The mechanism by which CM and anti-NMDA receptor encephalitis occurred concomitantly is unknown. Previous studies have suggested that some infectious diseases induce the production of NMDA receptor antibody by causing tissue damage and possibly by exposing NMDA receptor epitopes in neural cells (8, 9). The first episode of seizure occurred three months prior to the onset of disturbance of consciousness in our patient. Subacute meningitis is sometimes challenging to detect due to its few symptoms. Progressive brain injury may have led to NMDA receptor antibody production in our patient. However, it was also possible that NMDAR encephalitis preceded the occurrence of CM. This is because the NMDA receptor antibody was present in the initial CSF specimen but did not contain cryptococcal antigen. Further studies on the relationship between CM and autoimmune encephalitis are needed.

Remarkably, extensive cerebral infarction was observed in our patient. Cerebral infarction, typically lacunar infarction at the basal ganglia, develops in 4-32% of patients with CM (12). Cryptococci invade the parenchyma through the blood-brain-barrier at the micro vessels surrounded by the VRS. Dilated VRS filled with cryptococcus is commonly seen in the basal ganglia (13) and is associated with an enhanced frequency of CM-related brain lesions, including ischemic events, in the same territory (14). However, a brain MRA in our patient showed varying degrees of major cerebrovascular stenosis at the circle of Willis, resulting in multiple and extensive cerebral infarctions.
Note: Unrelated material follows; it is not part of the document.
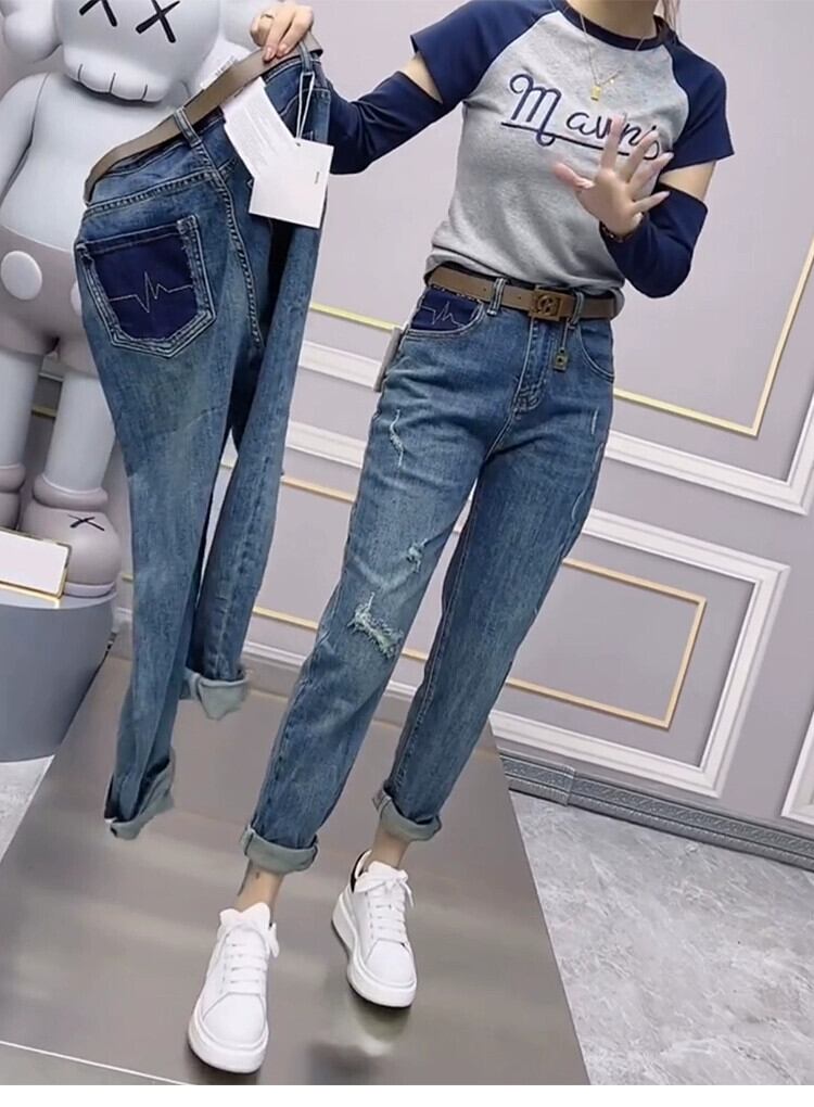 プラスサイズの婦人服 2023 春服ファットシスターズハイウエストカラーブロッキング穴ハーレムジーンズ弾性スリムパパパンツ エラスティック 伸縮 大きめサイズ スプリング 春物 8884180688603359

In addition, the cerebrovascular stenosis disappeared after treatment with antifungal drugs and steroids, suggesting that vasospasm due to inflammation was the cause of the ischemic events. Thus, severe vascular injury and brain tissue infarction might explain the involvement of immunological mechanisms in our patient.

In summary, this case illustrates the possibility of the coexistence of CM with autoimmune encephalitis in adults. When abnormal MRI signals in the hippocampus are observed in patients with CNS infections, it is necessary to consider whether or not the brain damage might be due to NMDA receptor antibody.

The authors state that they have no Conflict of Interest (COI).

Financial Support

This work was supported by grants from the Nervous and Mental Disorders and Research Labour, Japan. Some laboratory tests, including anti-N-methyl-D-aspartate receptor (NMDA) receptor antibodies and anti-glutamate receptor (GluR) ε2, ζ1, and δ2 (GluN2B, GluN1, and GluD2) antibodies, that are not covered by public health insurance were performed by commercial laboratories using these funds.